◆ **EXERCISE DATA**:
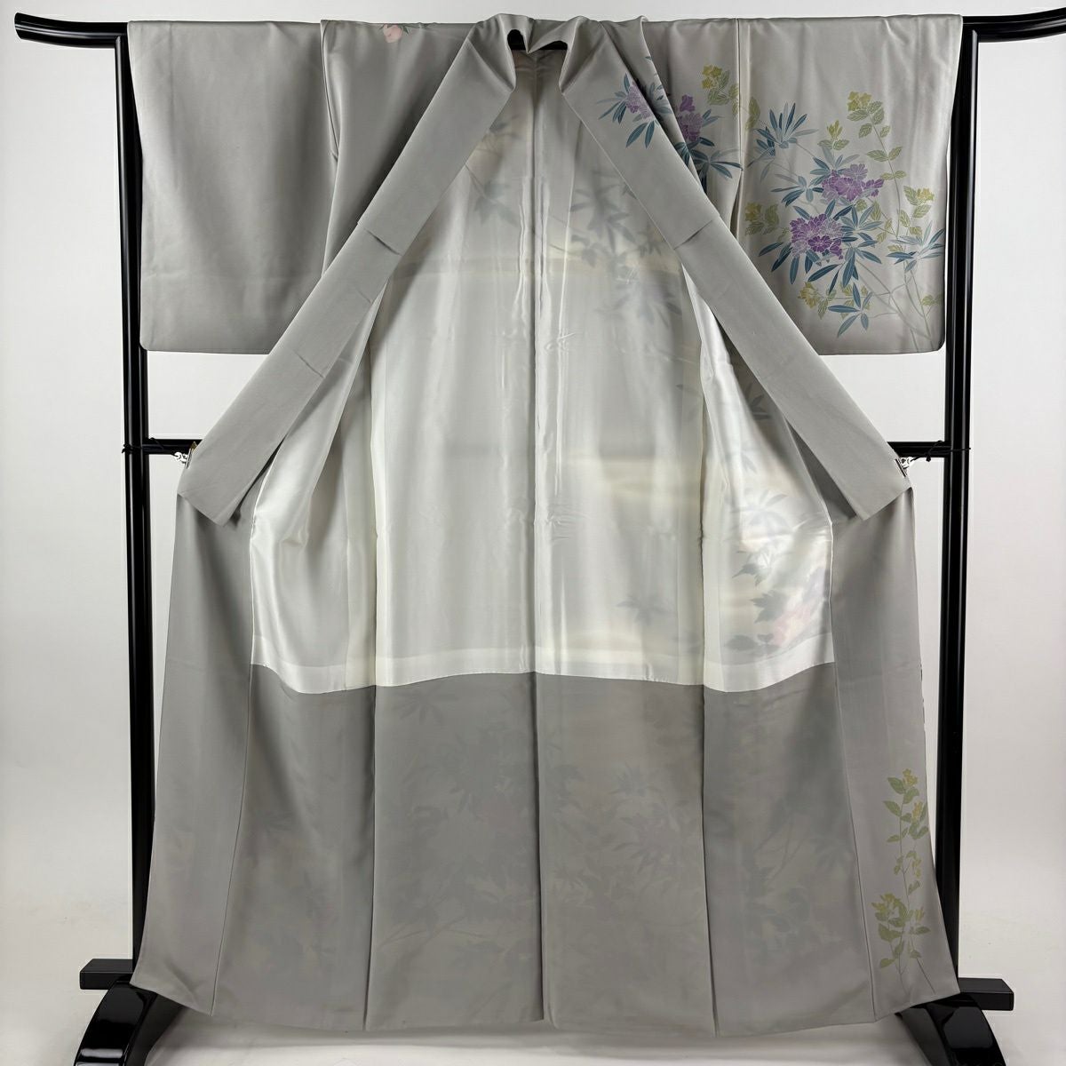 訪問着 身丈152.5cm 裄丈63cm S 袷 落款あり 牡丹 萩 ぼかし 灰色 正絹 秀品
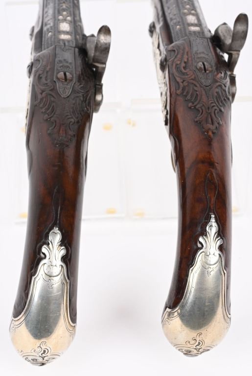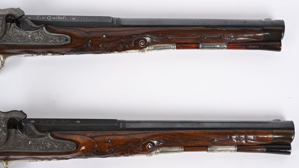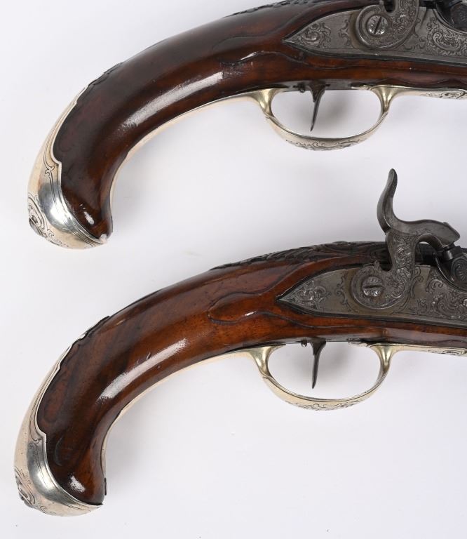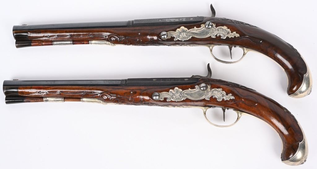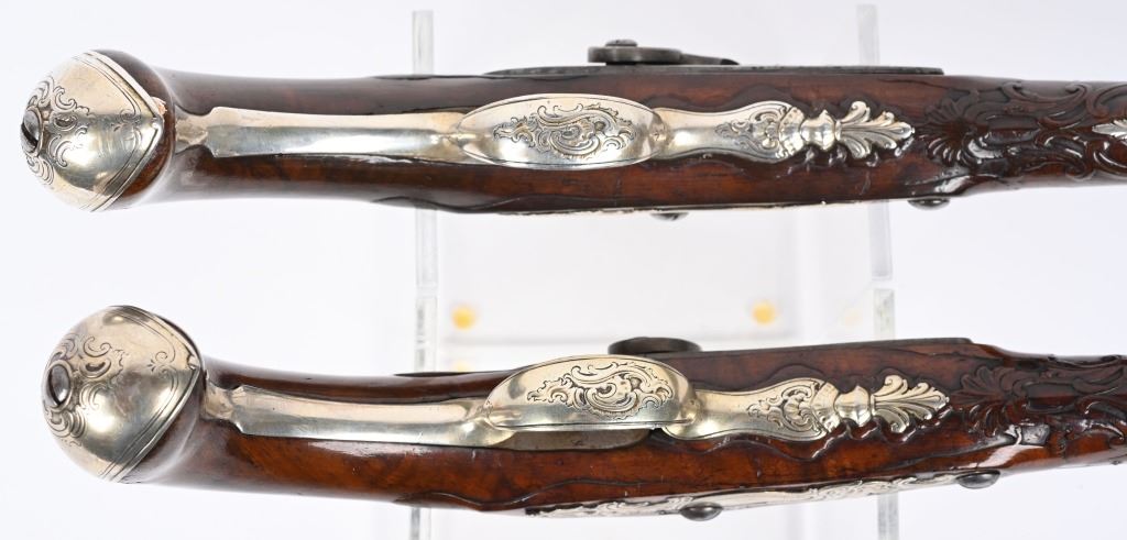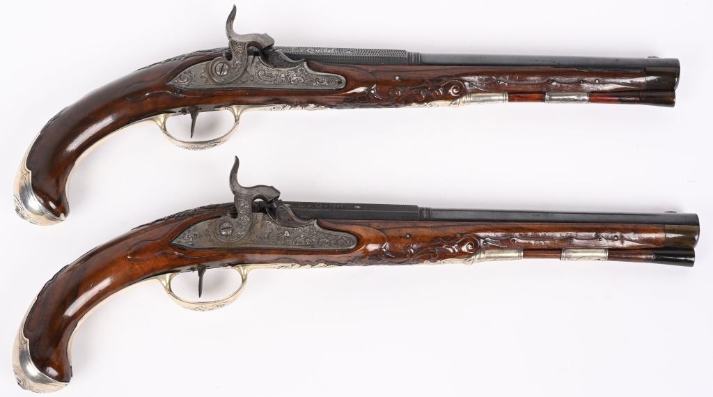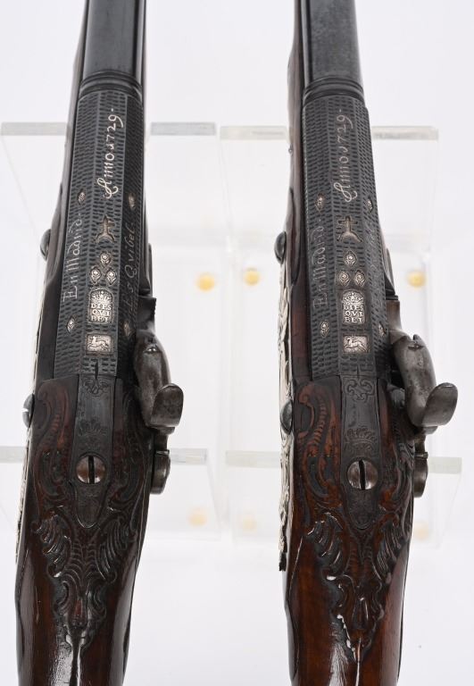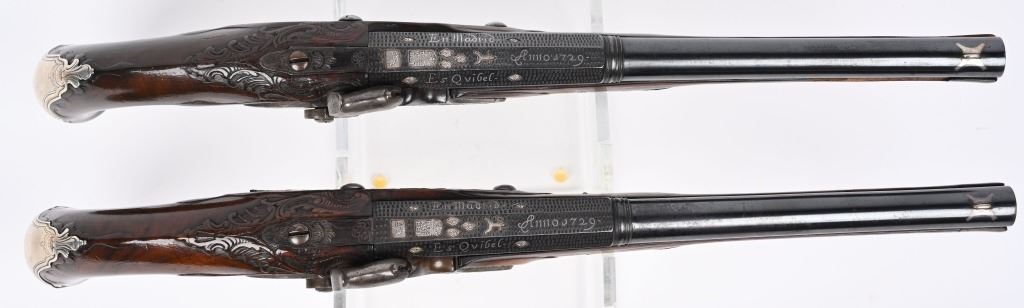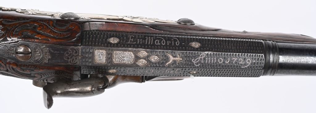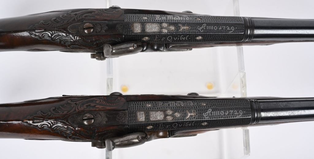 SERIAL NUMBER N/A BARREL 10 3/4" CALIBER .58 MANUFACTURED 1729. Produced in Madrid Spain with swamped 1/2 octagon to round barrels with wedding bands. Silver inlaid on octagon flats "EN MADRID" "1729" " LS QVIBEL" Silver touch mark with crown "DIES QVI BEI" Profusely relief carved walnut stock with horn tip engraved silver butt cap and elaborately embellished silver trigger guard with single set trigger. Lock is deeply relief engraved in scrolls and vine motif. Pistols were converted from flint to percussion in the earlier 1800 period. CONDITIONS. Very fine with stocks being superb with a small sliver missing at right front. Bores are very fine and smooth. Barrels retain most all of their deep rust blue finish and all of their silver inlays. The actions operate properly as do the set triggers. An extremely fine matched pair of Gentleman's belt pistols of the finest quality. ANTIQUE
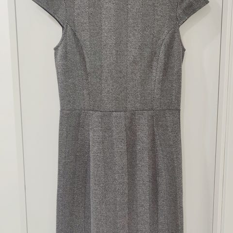 Myydään 34-koon kotelomekko, joka ulottuu polvien alapuolelle. Harmaaruudullinen, todella kiva, tyköistuva leikkaus
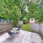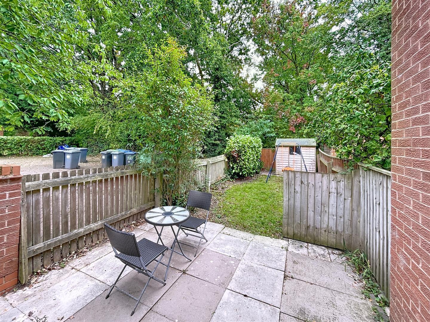 Patio, mainly laid to lawn, enclosed by perimeter fencing, with mature planting.

◆ **WHAT THE TASK ASKS**: Beginning with the line containing "Myydään 34-koon kotelomekko, joka" and ending with the last line of the data, output those lines exactly and nothing more. Omit every picture.

◆ **EXPECTED OUTPUT**:
 Myydään 34-koon kotelomekko, joka ulottuu polvien alapuolelle. Harmaaruudullinen, todella kiva, tyköistuva leikkaus
 Patio, mainly laid to lawn, enclosed by perimeter fencing, with mature planting.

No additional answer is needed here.